Member of the National Congress
- In office 5 January 2007 – March 2007
- Constituency: Guayas

Member of the National Assembly
- Incumbent
- Assumed office 14 May 2021

Personal details
- Born: 6 October 1974 (age 51) Guayaquil, Ecuador
- Party: Social Christian Party
- Spouse: Oscar Crow
- Children: 2
- Parent(s): José Viteri Peña and Leonor Jiménez Campuzano
- Relatives: Cynthia Viteri (elder sister)
- Alma mater: Instituto Tecnológico Universitario Espíritu Santo Universidad Católica de Santiago de Guayaquil Universidad Particular de Loja

= Nathalie Viteri =

Ecuadorian lawyer

Nathalie María Viteri Jimenez (born 6 October 1974) is a lawyer and an Ecuadorian Assemblyperson. In 2021 she joined the fourth legislative period of the National Assembly. She unsuccessfully stood for re-election to the National Assembly in 2023.

==Life==
Viteri was born on 6 October 1974. Her parents are José Viteri Peña and Leonor Jiménez Campuzano, and her elder sister is Cynthia Viteri.
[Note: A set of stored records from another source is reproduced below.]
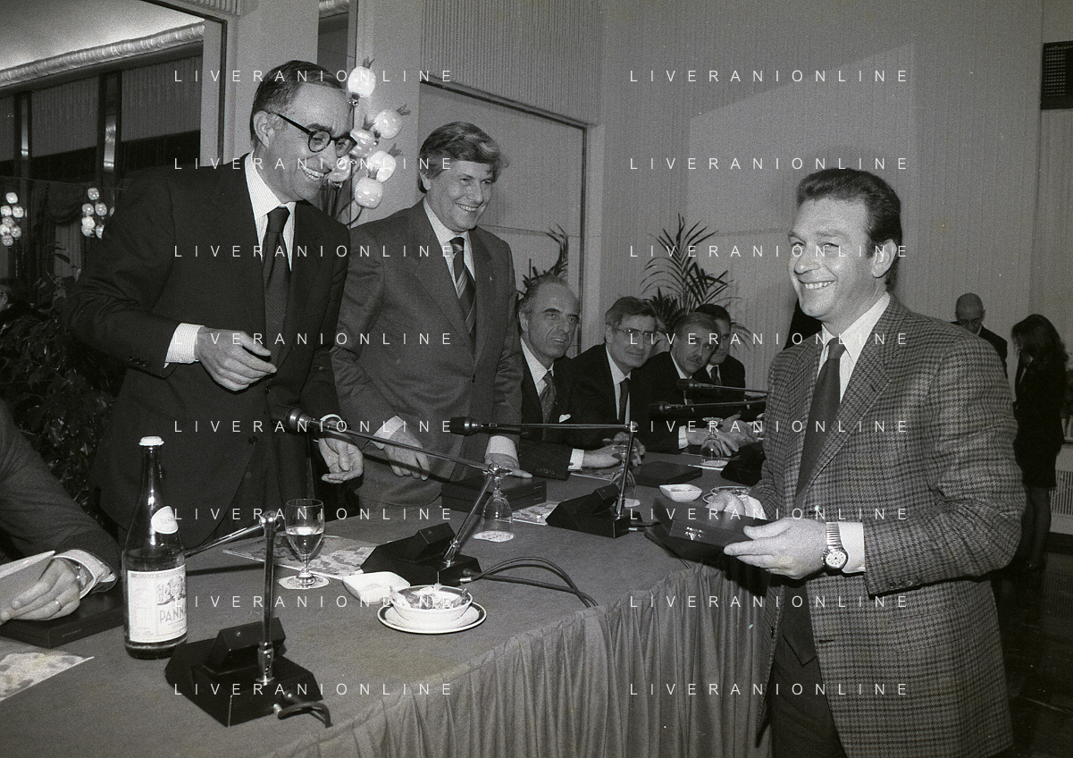 16-12-1997 MILANO FESTA DI NATALE LEGA CALCIO NELLA FOTO PAOLO CASARIN FRANCO DAL CINE ADRIANO GALLIANI AG ALDO LIVERANI SAS
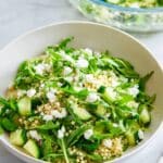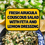 A fresh and vibrant Arugula Couscous Salad with creamy feta cheese, tender pearl couscous, crisp cucumber, and a zesty lemon vinaigrette. This quick and easy salad combines peppery arugula and bright flavors, making it a perfect light lunch or side dish.
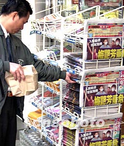 十二月三十日凌晨,香港藝人梅艷芳逝世,清晨許多港人紛紛購報紙了解梅艷芳逝世詳情。中新社記者:錢興強(qiáng)
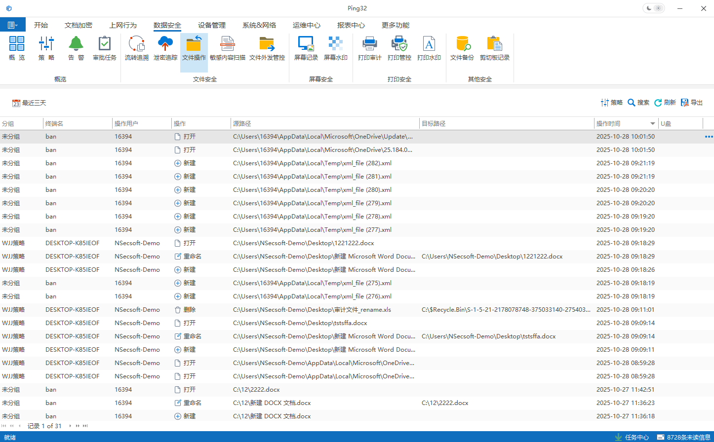 开发行为监控:系统全面监控开发人员的代码操作行为,包括代码编写、编译、提交、拉取等全流程操作。详细记录代码访问时间、操作用户、使用工具等信息,支持代码操作屏幕录像。当检测到异常代码访问或批量下载时立即告警,为企业提供完整的代码操作审计轨迹。
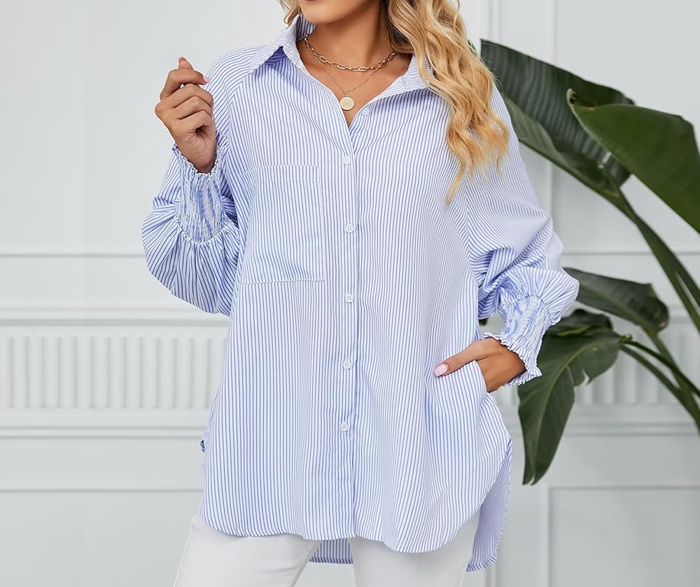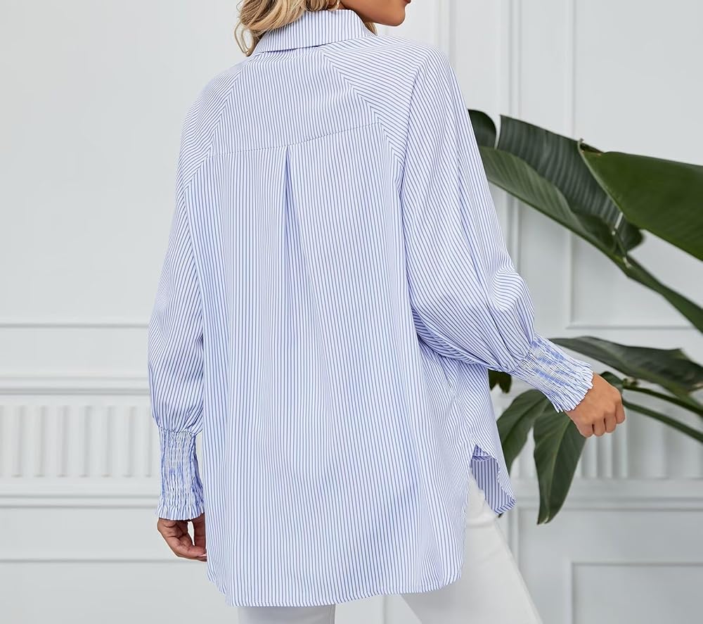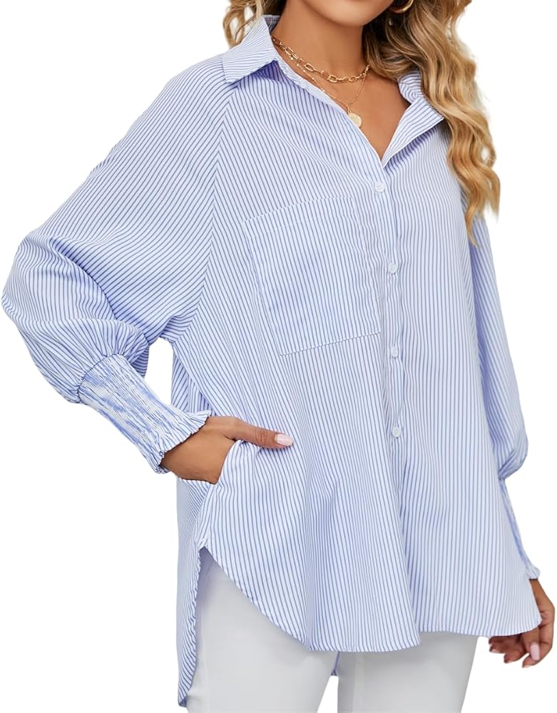 السمات: ياقة مطوية مريحة، وأساور أكمام قابلة للتعديل، ونمط مخطط مرح. مقاس صديقها الكبير ينزلق على الجسم للحصول على صورة ظلية نحيفة بمهارة، بينما يضيف جيب الصدر العملي وإغلاق الزر الأمامي عملية إلى هذا القميص الأنيق.
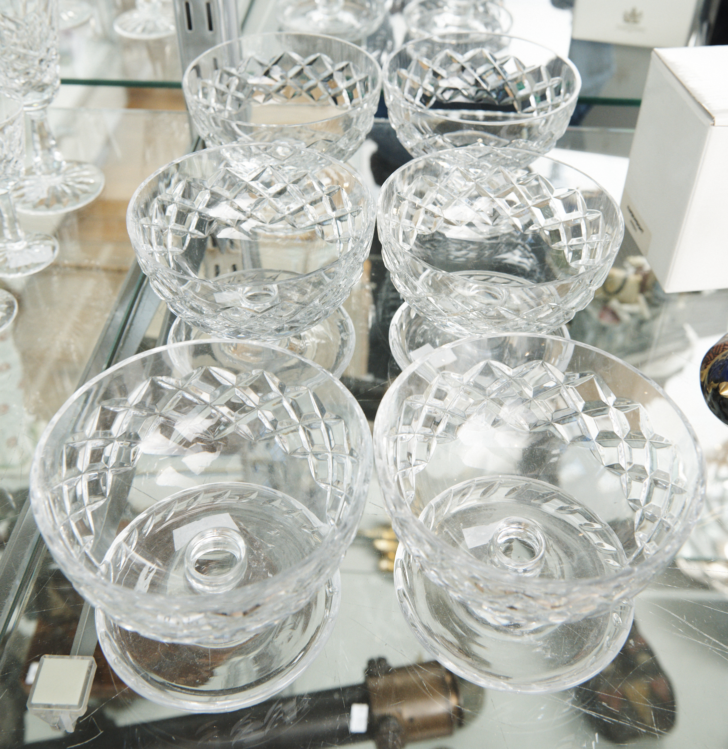 A SET OF SIX CUT CRYSTAL DESSERT BOWLS, (ONE WITH A CHIP TO THE RIM), 10 CM DIAMETER X 8.5 CM HIGH

She worked in the mayor's office, and she served as an alternate councilor for Doménica Tabacchi, who became the vice mayor of Guayaquil.

In March 2007, the Supreme Electoral Court dismissed 57 deputies from the National Assembly. Viteri was one of these politicians. The deputies appealed against the decision twice, and they were successful. However, their places were no longer available. The Inter-American Commission on Human Rights granted over 50 of them compensation; as of May 2021, the money had not been paid.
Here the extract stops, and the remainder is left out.